Nowhere have the performance advancements for data science been as rapid as the development of hardware accelerators based on the technology once used primarily for graphics processing. The newest generation of Ampere GPUs from NVIDIA provides up to 20 times higher performance over the prior generation of NVIDIA GPUs. The NVIDIA A100 GPU can be partitioned into seven GPU instances to dynamically adjust to shifting demands. This combination of GPU partitions and VMware virtualization gives IT professionals the tools that they need to meet the most demanding production machine learning workloads. It also meets the experimentation needs of large groups of data science users in a single platform.
In Solution architecture, we describe the recommended configuration for enterprise AI workloads. We describe redundant networking designs for both 25 GbE and 100 GbE equipment.
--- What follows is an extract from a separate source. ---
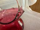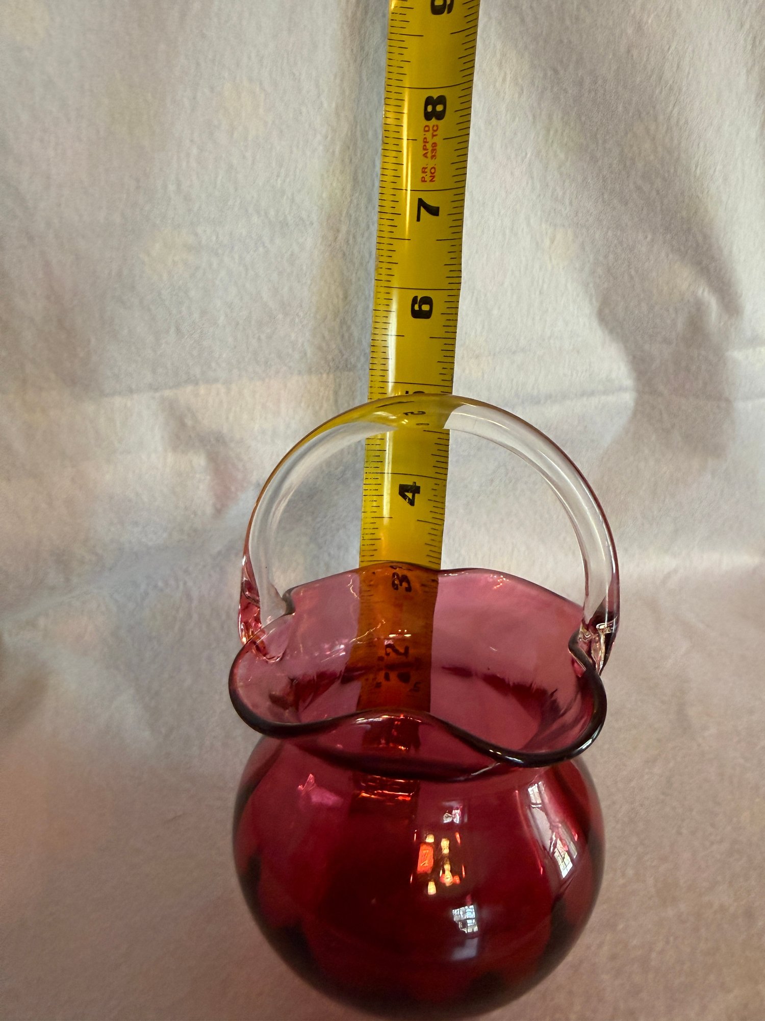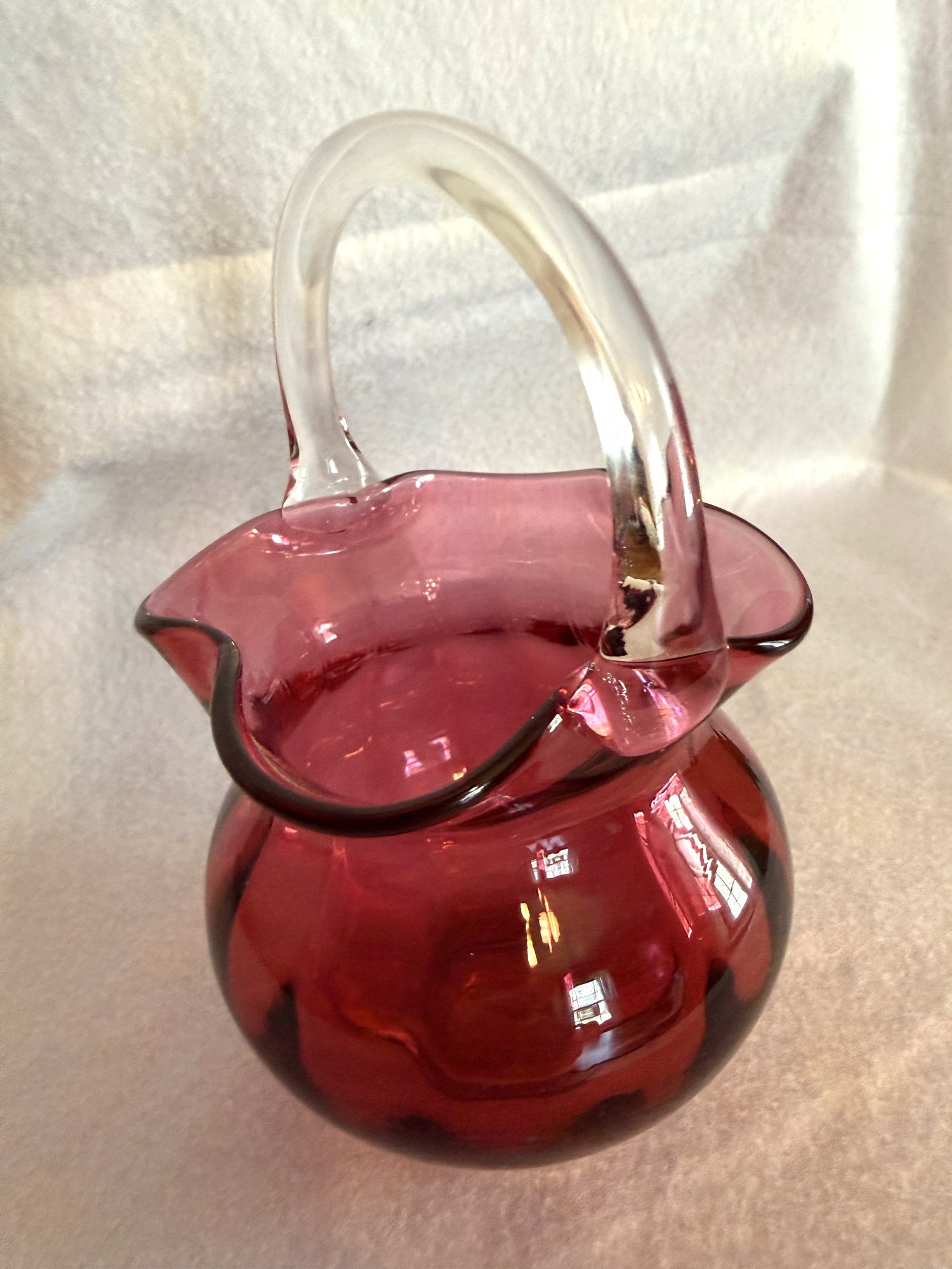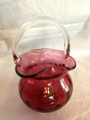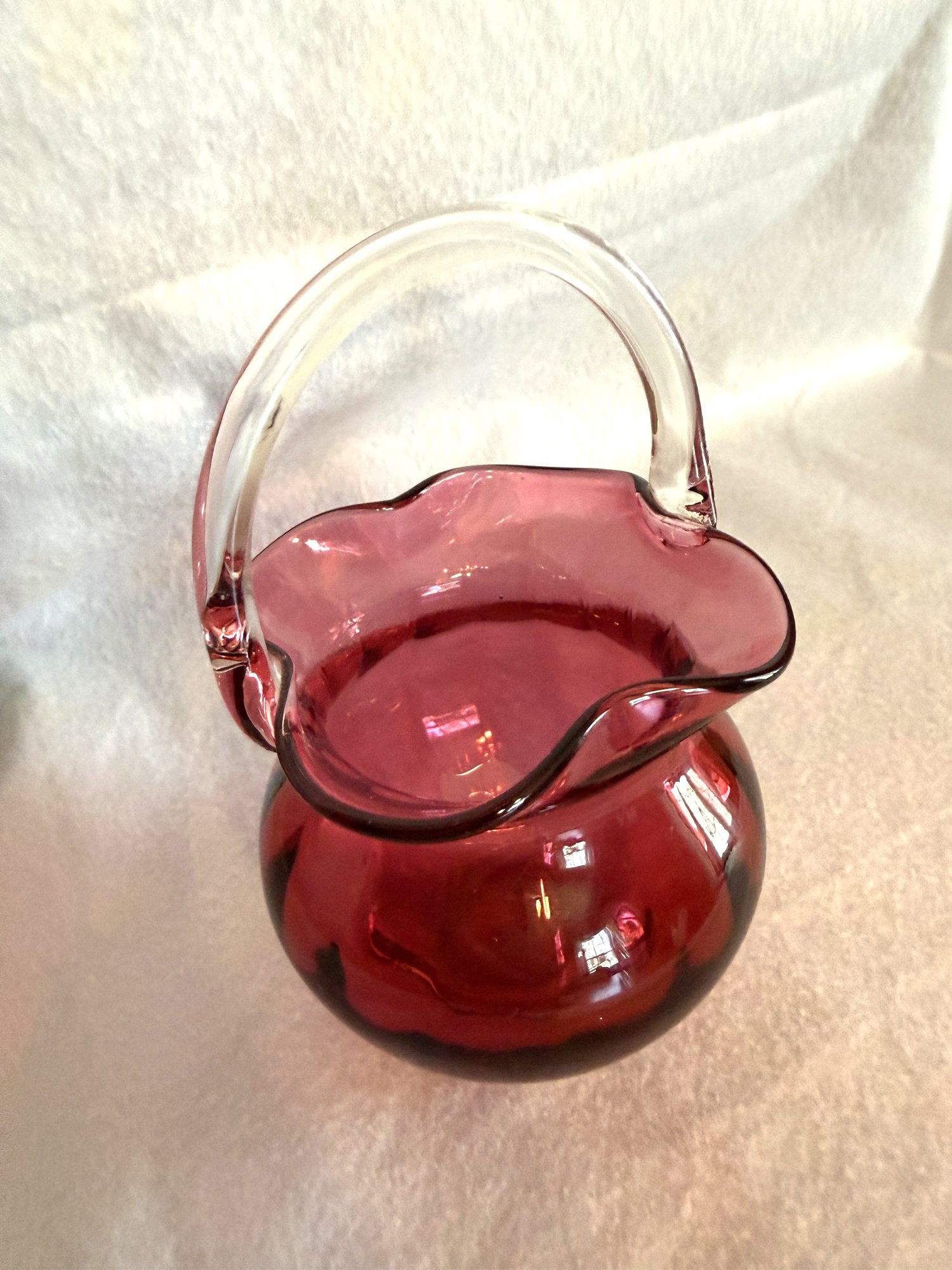 Sweet little glass basket with ruffled edge and colorless applied handle, by Pilgrim Glass.

We also provide the best practices for deployment of NVIDIA Virtual GPU Manager for VMware vSphere and how to configure VMs to use GPU partitions base on the Multi-Instance GPU feature of the A100 and A30 GPUs.
In Validation and machine learning performance, we describe the lab environment that we implemented to support the performance evaluation comparing virtualized GPU with bare metal and several GPU partitioning approaches with the A100 GPU. We show the results of eight tests using different partition profiles for the A100 GPU running both training of an image classifier (ResNet 50 v 1.5) and inference using a trained ResNet model. The results show less than a five percent model training performance penalty compared to the gains of increased efficiency. Using vGPU with hardware partitioning should result in more IT organizations deploying machine learning workloads for AI on VMware-managed platforms for most scenarios.